Initially, service industries like restaurants will be more insulated than manufacturing industries, but the breadth of the tariffs means the whole economy will be hit, eventually, Hersh said.
“Services still embody a lot of manufactured goods. That will mean higher costs for restaurant owners and managers on everything from flatware and furniture to foodstuffs and building supplies,” Hersh said.
As prices rise, Hersh said, the industry is likely to see a continued traffic shift from fine dining and full-service to fast casual and QSR, and a shift within restaurant menus too, with consumers favoring fewer, cheaper items.
Increased prices during a period of contraction makes it more difficult for monetary policy — such as actions by the Federal Reserve to lower interest rates — to stimulate the economy.

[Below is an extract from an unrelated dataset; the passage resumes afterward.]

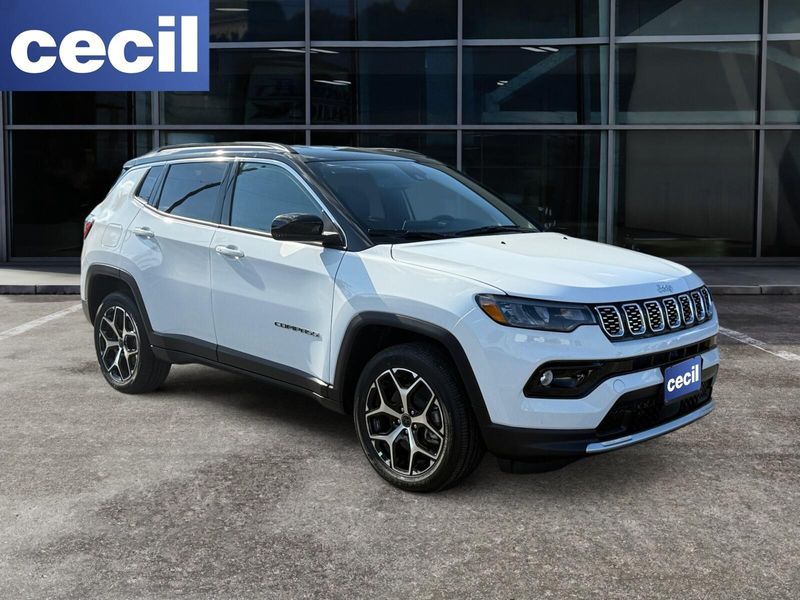 This 2026 Jeep Compass Limited is proudly offered by Cecil Atkission CDJR Burnet This Jeep includes: TU-TONE PAINT GROUP 225/55R18 BSW ALL SEASON TIRES Tires - Front Performance Tires - Rear Performance 8-SPEED AUTOMATIC 8F30 TRANSMISSION (STD) 8-Speed A/T Transmission w/Dual Shift Mode A/T BRIGHT WHITE CLEARCOAT 2.0L I4 DOHC DI TURBO ENGINE W/ESS (STD) 4 Cylinder Engine Gasoline Fuel Turbocharged *Note - For third party subscriptions or services, please contact the dealer for more information.* Want more room? Want more style? This Jeep Compass Limited is the vehicle for you. Stylish and fuel efficient. It's the perfect vehicle for keeping your fuel costs down and your driving enjoying up. Handle any terrain with ease thanks to this grippy 4WD. Whether you're on a slick pavement or exploring the back country, you'll be able to do it with confidence. Cecil Atkission Motors CDJR Chrysler Dodge Jeep Ram services all areas in the great state of Texas! Burnet, Bertram, Buchanan Dam, Tow, Bertram, Lampasas, Killeen, Liberty Hill, Leander, Round Rock, Lakeway, Llano, Kingsland, Sunrise Beach, Marble Falls, Horseshoe Bay, Granite Shoals, Cedar Park, George Town, Spicewood, Johnson City, Blanco, Bee Caves, Austin, San Antonio, Waco, Dallas, Fort Worth and more. We do offer free delivery within the state of Texas, ask us for more info!

“So there's a risk that we'd be in this stagflation environment, and that's a really challenging thing for the Federal Reserve to manage with monetary policy,” Hersh said.
Even if the tariffs lead to a surge in manufacturing in the U.S., that won’t lower prices because of higher domestic input costs, Hersh said.
Restaurants and businesses outside the U.S. are vulnerable, too. The U.S. acts as a “consumer of last resort,” for the world economy, Hersh said, absorbing excess production from other countries and dampening the effects of overinvestment and business-cycle downturns. This trade deficit helps underpin the power of the U.S. dollar.
“The President and his advisors are explicitly trying to disrupt this structure of global production,” Hersh said. “This can be achieved, but [these tariffs are] a very inefficient and costly way to achieve it, it's not clear that we'll be better off as a national economy from doing it this way.”
Hersh said that the idea of using tariff revenue to offset domestic taxation and invest in domestic industry — which the NRA said could be a potential upside from tariffs — is based on a flawed understanding of the impact of tariffs. The revenues raised, Hersh said, would be insufficient to meet revenue needs.
“If the tariff works to keep out foreign goods, then we don't collect those tax revenues if we're not importing them,” Hersh said. “If we do collect the tariff revenues, that means the domestic industry is not getting the boost that [the White House] is intending because we're still buying those foreign goods.